What if that billing logic was implemented in Plain Old Ruby Objects and classes? Maybe they pass around some AR objects. But those models are merely a means of reading and writing data - they don’t contain logic or behavior. (Some would even say passing around Structs is a superior approach, allowing you to completely hide your ORM; YMMV.) Your controllers might validate the session and grab needed parameters from the request. But to do anything they’ll call your plain old Ruby logic classes. They won’t even know they’re running in a Rails controller. They might just as well be running in a Grape API, a Sidekiq job, a MiniTest test, or from the Rails console. And when it comes time to upgrade Rails, all that important code should be very low-touch. Because it doesn’t live inside the framework. Your code exists on its own, and some framework just happens to be hooking it into an HTTP request/response cycle.

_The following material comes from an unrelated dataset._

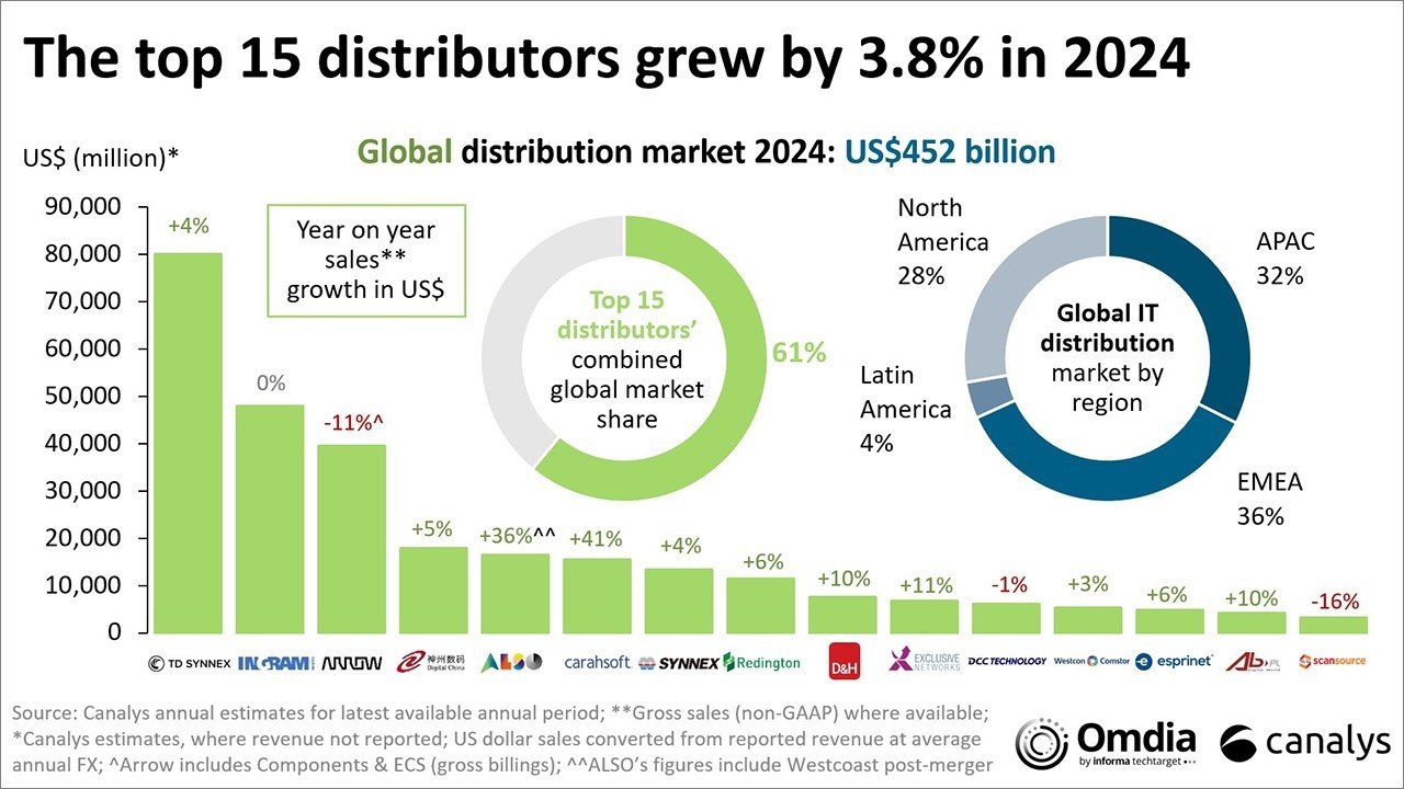 Queste le tesi principali di un recente post sul blog di Canalys, firmato dai due chief analyst Alastair Edwards e Jay McBain, che inizia con due elementi molto significativi del mercato mondiale della distribuzione IT. Uno è il valore, che nel 2024 è stato di 452 miliardi di dollari, di cui il 36% in EMEA, il 32% in Asia-Pacifico, e il 28% nel Nord America.

This is hardly a new idea. But for whatever reason I didn’t fully grasp it until approaching it from the perspective of preferring small ontologies over sprawling ones.
If you’ve made it this far, congratulations. You’re a real trooper, and we can be friends. By no means am I prescribing this as the way to build your Web app, API, or SPA. (Though some of what I said is considered best practice in parts of the Angular community.) I am being descriptive about some ways of thinking that have, so far, proven tremendously helpful to me over the past few months as I’ve worked on some reasonably complicated code, system integrations, and Functionality That Can’t Go Wrong. And testing. Writing tests for this kind of code has been an absolute delight.
And to any former philosophy students turned developers: please forgive my ham-handed attempts to justify my thinking with a lack of understanding befitting an undergrad on his first day of a required course in Intro to Philosophy. But in my defense, my Intro to Philosophy course was taught by a professor who’d lost the ability to store short-term memories in a car accident, and our course material consisted mostly of C.S. Lewis. True story.